By Alice Ross and Mark Odell
European banks battered by the downturn in the shipping market face a tough 2014: the European Central Bank has vowed to make the sector a core focus of its upcoming asset quality review and stress tests.
Lenders – in particular German banks – are increasingly seeking innovative ways to reduce their shipping portfolios before the regulator takes over direct supervision of about 130 European banks at the end of the year.
Yet there is a sticking point: bankers say it is not clear whether the more creative solutions will be approved under the new regime.
"Our auditors are getting nervous," says one German shipping banker. "If it was more clear what the guidelines are for the AQR it would be more helpful."
German banks are among the hardest hit by heavy portfolios of non-performing loans after a tough five years that has seen shipping volumes slow in the global economic downturn, compounded by an ordering spree by ship owners before the financial crisis hit in 2008.
One of the main problems is the German banks’ exposure to Kommanditgesellschaft funds (KG) – a traditional German way of ship financing that attracts private investors by offering a tax efficient structure with each fund typically owning one ship.
Hundreds of funds have already collapsed but there are still about 2,000 single ship companies, many of which are running out of working capital.
Banks including Commerzbank and HSH have already extended loan terms and offered holidays on capital repayments in an attempt to ease the pressure on the KGs, but the weak shipping market has meant the vessels are still struggling even to cover their operating costs.
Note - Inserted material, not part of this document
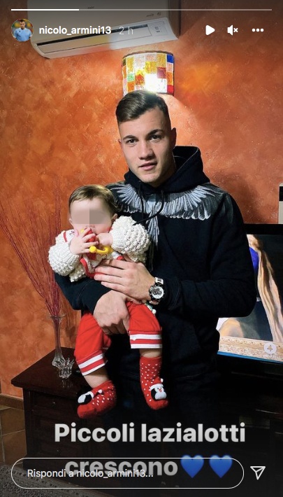 La fede laziale è una tradizione e come tale si tramanda. E chi meglio di un tifoso della Lazio come Nicolò Armini è in grado di farlo? Il difensore sta vivendo una nuova esperienza al Piacenza in prestito, ma il cuore resta a piene tinte biancocelesti. E su Instagram ha postato tra le sue storie una foto con un bambino in braccio e ha aggiunto la didascalia: "Piccoli lazialotti crescono", con tanto di cuore celeste. A casa Armini la fede calcistica è una e una sola e ai più piccolini va tramandata da subito.

This is particularly true of container ships, which make up a larger proportion of the KG and German shipping bank portfolios.
Commerzbank created a special unit last year that can reclaim ships from distressed owners – with the aim of selling them again once the shipping market takes a turn for the better. It has so far reclaimed at least four vessels this way.
Others, such as HSH, are brokering deals to sell their debtors' loan portfolios directly to shipping businesses, such as its December sale of 10 vessels to Navios Maritime, a New York-listed ship owner.
Described as "innovative" by HSH, the deal involved a partial sale of the loan book to Navios and a participating loan taken out by HSH. Such creative solutions are among those that could be questioned by the ECB.
"There are solutions out there that I believe are in the grey area. I know for sure that different auditors have different perspectives on the same structure," says one German shipping banker.
Stefan Ermisch, HSH’s chief financial officer, says that while he is confident about the ECB’s upcoming asset quality review because of the bank’s strong capital position, the outcome of the stress tests will depend on how much weight the regulator attaches to shipping.
BaFin, the German regulator, is already demanding regular updates from the banks in recognition of the severity of the situation. The regulator said it would remain vigilant in 2014. But the watchdog said that German banks’ volume of ship loans declined by 20 per cent in 2012, while impairments grew by 50 per cent, suggesting that the “lion’s share” of potential liabilities had already been digested.
Yet Basil Karatzas, a New York-based ship financier, believes that German banks in particular will be forced to take more drastic action with their shipping loan books after running out of ways to put off the inevitable.
Distressed debt investors are circling. US investor Oaktree Capital, which has long had an interest in shipping, told investors in a conference call in November that it was hopeful that European banks would continue to sell shipping loan portfolios during 2014 in preparation for the ECB’s stress tests. The distressed debt investor bought a portfolio of non-performing shipping loans from Commerzbank in December for €280m. UK lender Lloyds Banking Group has also sold portfolios of loans or large single loans to buyers on the hunt for distressed assets.
Yet shipping bankers question how helpful private equity buyers are.
“The inflow of private equity could lead to a situation like in 2006 where too many people are pumping money into a market they don’t understand,” says Torsten Temp, head of shipping at HSH, who believes the cut prices being offered by private equity buyers are still too low for his bank.
“It’s quite helpful to have this kind of liquidity as long as it goes into existing ships,” says Stefan Otto, head of shipping at Commerzbank. “[But] a lot of the money is going into new buildings, because there’s a lack of tonnage available in the second hand market.”
Some shipping observers believe regulators may continue to allow the banks to spin out the problem for long enough in the hope the shipping market will recover to bail out the loan book.
There have been some signs of a recovery in the shipping market in recent months, with a rebound in both dry bulk and tanker rates. This has been reflected in a couple of recent transactions by banks that took many in the industry by surprise. Both Royal Bank of Scotland and Norwegian lender DNB last year sold large tranches of shipping debt at about 90 per cent of face value – although both deals were in the dry bulk sector, one of shipping’s hotspots at the moment.
Both Lloyds and RBS, for example, have already taken significant writedowns on their shipping loans and do not expect to have to take further hits in the near future.
The official view of many large shipping lenders – including Commerzbank – is that the market will not improve until 2015. That means further loan loss provisions could still loom this year.
Analysts at JPMorgan think the shipping market will improve this year in line with their prediction of a rebound in global growth and an emergence from recession for the eurozone.
The question is whether for some lenders, any improvement will be too late.